Research

We are adapting the transformer architectures behind Large Language Models (LLMs) to understand the "language" of cells and genes. By training on vast datasets of single-cell profiles and biological interactions, we build "virtual cells" and multi-agent systems that can simulate biological responses and generate novel scientific hypotheses. We also develop mathematical models of disease progression and treatment response.

We use artificial intelligence to solve the complex combinatorial challenge of cancer treatment. Our algorithms predict how tumors will respond to drug combinations and sequences, allowing us to identify synergistic therapies and optimize dosing strategies computationally before validating them in the wet lab.

We bridge the gap between AI research and clinical practice by building intelligent assistants for oncologists. Our tools utilize Large Language Models and retrieval techniques to synthesize medical literature, interpret complex genomic data, and support tumor board decision-making.

We are reimagining disease screening by combining deep learning on Electronic Health Records (EHR) with novel biomarkers. Our two-tier screening approach uses AI to identify high-risk individuals from routine medical data, guiding the targeted use of advanced diagnostics including Multi-Cancer Early Detection (MCED) liquid biopsies and voice as a biomarker of health.

We map the tumor microenvironment in unprecedented detail to understand how cancer cells evade the immune system. Using cutting-edge spatial transcriptomics and imaging, we analyze the architecture of tissues to guide the development of immunotherapies and personalized cancer vaccines, with particular expertise in blood cancers including lymphomas and leukemias. Key tools include UTAG for unsupervised tissue architecture mapping.

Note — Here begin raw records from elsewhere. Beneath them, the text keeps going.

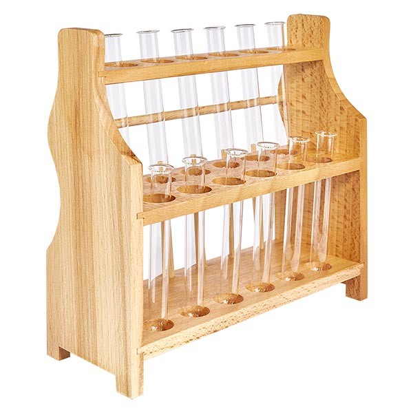 - Beskrivelse: Reagensglasholder af træ med 12 reagensglas af borosilikat 100x12
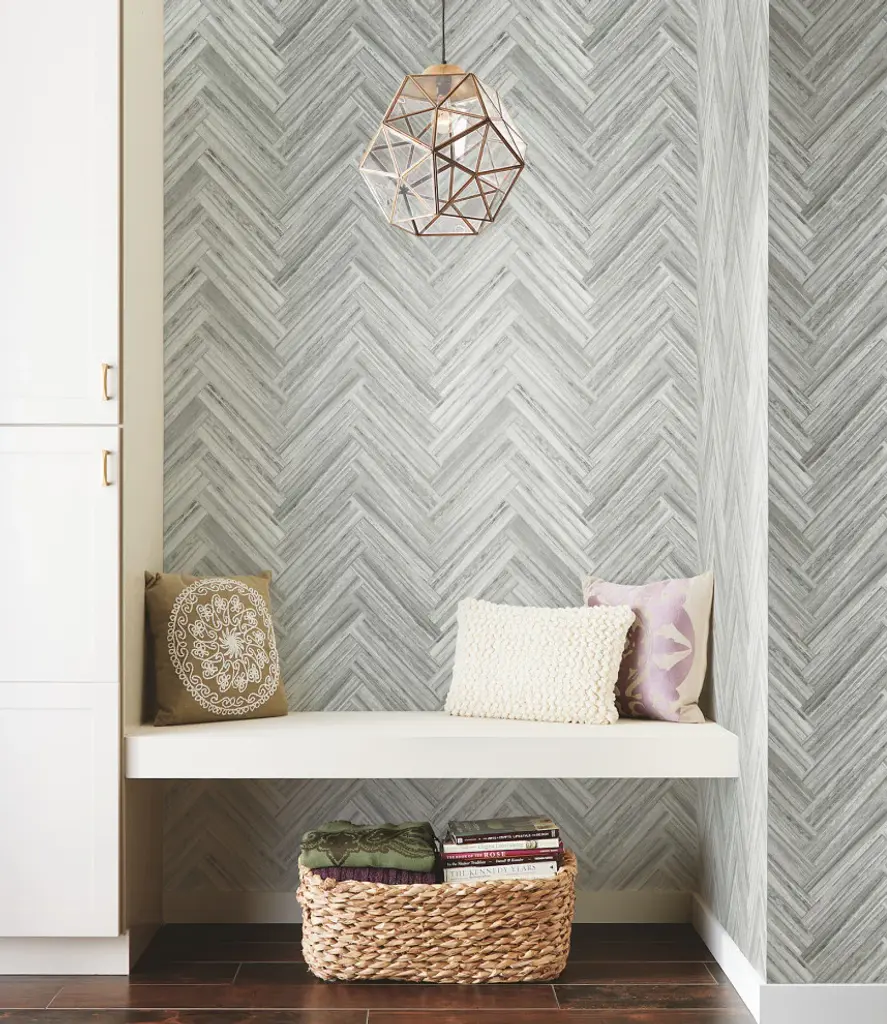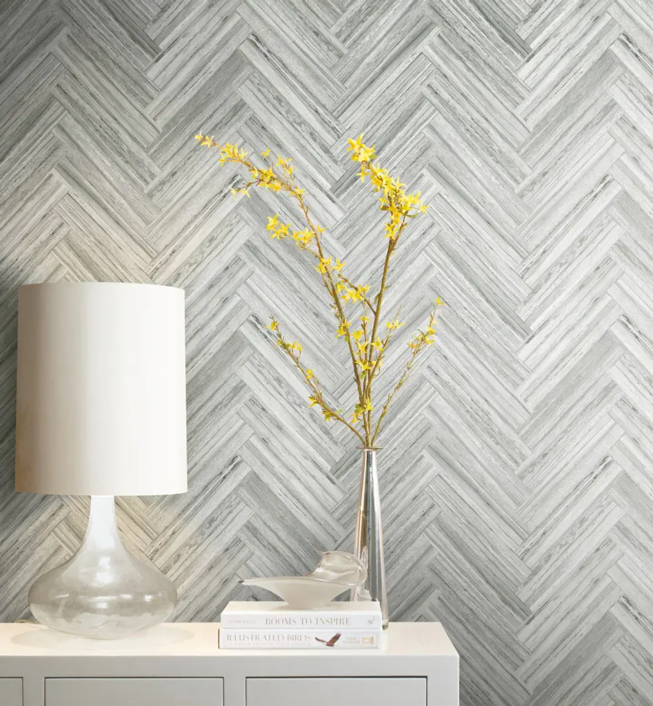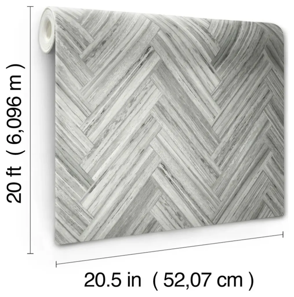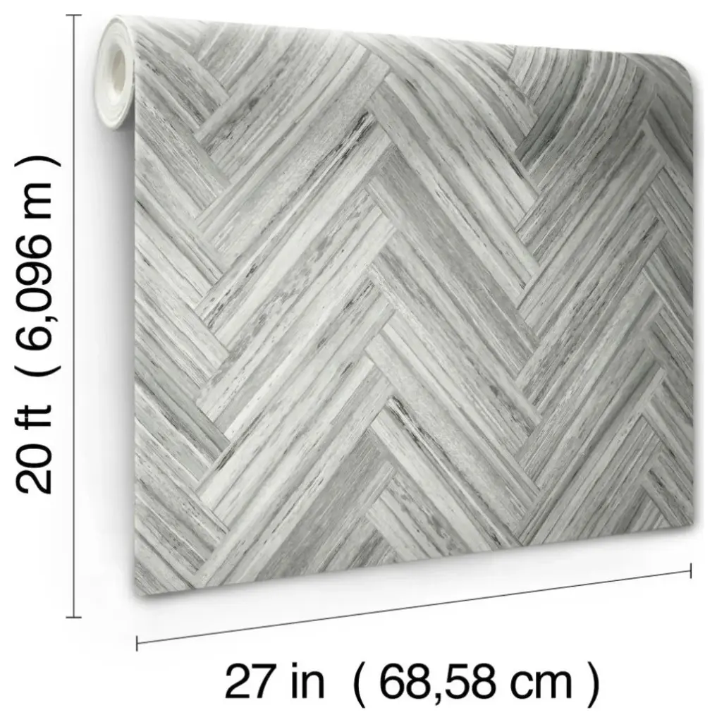 The stacked planks of pattern Hermosa Herringbone mimic raw, weathered wood repurposed in a beautiful take on a classic menswear suiting weave, shown in stonewash blue and faded gray. This blue hermosa herringbone peel and stick wallpaper measures 20.5 inches wide by 20 feet long, covering approximately 34.2 square feet per roll. The ultimate pattern inspirations for architectural finishes, motifs, and textures as found in nature. Cerused woodgrain, distinctive woven grass, cork, stone, clay, marble, and mother of pearl bring warmth and depth to surrounding spaces with familiar comfort. Peel and Stick non woven material; 20.5-in repeat, straight match; Washable and fully removable; 27-in by 20-ft long roll; Covers about 45 square feet
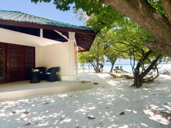 Недалеко от Мале. Прямой выход из номера к морю. Много свободных лежаков. Есть риф. Неплохое питание

We leverage comprehensive genomic profiling to uncover the specific mutations driving a patient's disease. By combining Whole Genome Sequencing (WGS) with AI interpretation tools, we connect genetic variants to clinical phenotypes to diagnose rare diseases and tailor oncology treatments.

We develop and share software tools that enable the broader research community to apply our methods to their own data. All tools available at github.com/ElementoLab.